Peiyu Hu, Wayne Lu, Jia Wang
arXiv (2025)
Recommendation P13N

📝 Paper Summary

Cross-Domain Recommendation Generative Recommendation
GenCDR replaces traditional item IDs with generative semantic IDs that dynamically fuse universal meaning and domain-specific traits, enabling effective cross-domain recommendation without shared identifiers.
Core Problem
Traditional cross-domain recommendation relies on shared IDs which are often unavailable, while current LLM-based methods suffer from tokenization gaps (vocabulary explosion) and fail to disentangle universal vs. domain-specific interests.
Why it matters:
  • Real-world platforms often lack aligned user/item IDs across domains (e.g., online content vs. offline services), rendering ID-based methods ineffective.

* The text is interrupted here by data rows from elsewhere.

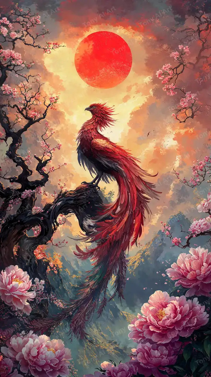 Hình nền phượng hoàng phong thủy AI art, hoa mẫu đơn hồng đậm, ánh sáng ấm cosmic, tải miễn phí 4K.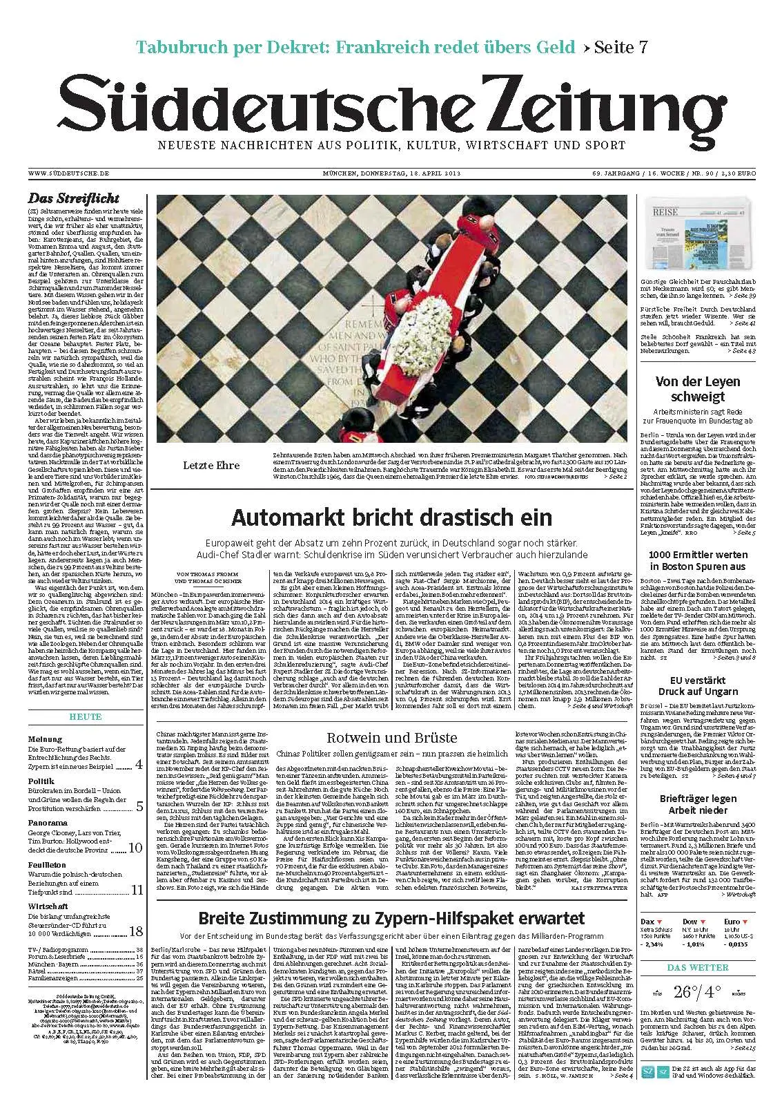 Süddeutsche Zeitung vom Donnerstag, 18. April 2013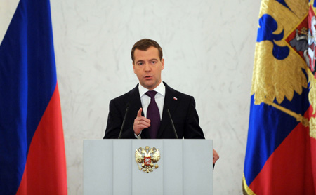 俄羅斯總統(tǒng)德米特里·梅德韋杰夫11月30日向俄聯(lián)邦議會兩院發(fā)表國情咨文時表示,預(yù)計(jì)全年GDP增長將達(dá)到約4%。未來三年,政府將把年通脹率控制在4%至5%的水平。他還表示,金融危機(jī)的影響并未完全消除,俄政府仍將無條件履行自身的社會責(zé)任。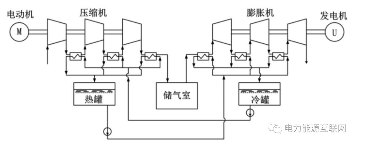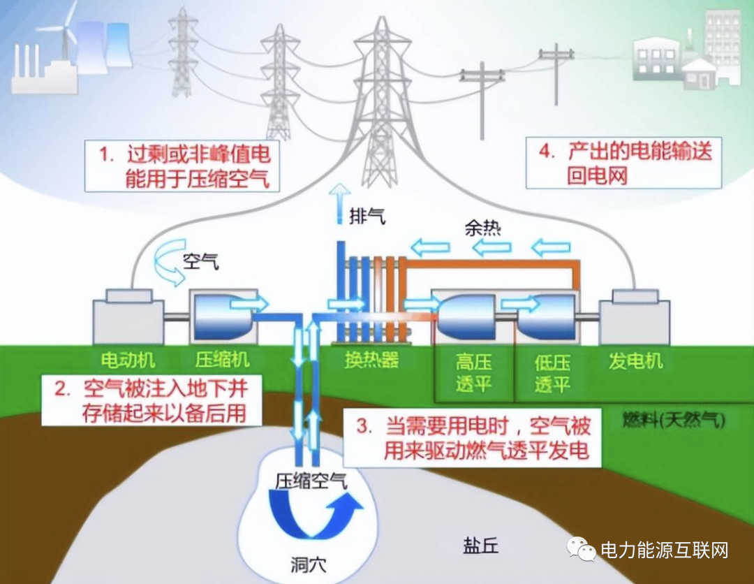 壓縮空氣儲能,是指在電網(wǎng)負(fù)荷低谷期將電能用于壓縮空氣,在電網(wǎng)負(fù)荷高峰期釋放壓縮空氣推動汽輪機(jī)發(fā)電的儲能方式。形式主要有,傳統(tǒng)壓縮空氣儲能系統(tǒng)、帶儲熱裝置的壓縮空氣儲能系統(tǒng)、液氣壓縮儲能系統(tǒng)。

  • Existing LLM methods treat items as plain text or rigid indices, missing the nuanced evolution of user interests where the same concept (e.g., 'Apple') has different meanings across domains (tech vs. food).
Concrete Example: An 'Apple Watch' in a tech domain and a fresh 'Apple' in a lifestyle domain share the concept 'Apple'. Standard methods might confuse them or fail to capture that 'health' is key for the watch while 'sweet' is key for the fruit. GenCDR disentangles these by generating distinct but related semantic IDs.
Key Novelty
Generative Cross-Domain Recommendation with Domain-Adaptive Semantic IDs
  • Replaces arbitrary item IDs with discrete 'Semantic IDs' (SIDs) derived from text, ensuring items with similar meanings have similar codes even across domains.
  • Uses a 'Domain-Adaptive Tokenization' module that generates these SIDs by routing between a frozen universal encoder (capturing shared semantics) and domain-specific adapters (capturing unique traits).
  • Models user interests by dynamically fusing universal and domain-specific prediction distributions during the autoregressive generation process.
Architecture
Architecture Figure Figure 2
The complete GenCDR framework, illustrating the two main parallel tracks: Item Tokenization (left) and User Recommendation (right), and their convergence during inference.
Evaluation Highlights
  • Significantly outperforms state-of-the-art baselines on multiple real-world datasets (exact improvement metrics not extracted from text but claimed as significant).
  • Effectively resolves the item tokenization dilemma by generating compact, transferable semantic IDs instead of expanding vocabulary.
  • Demonstrates superior generalization by effectively transferring knowledge even when user/item overlaps are sparse or non-existent.
Breakthrough Assessment
8/10
Novel approach to the 'ID problem' in cross-domain recommendation by moving to generative semantic IDs. The dual disentanglement (item-level and user-level) is theoretically sound and addresses a major bottleneck in LLM-based RecSys.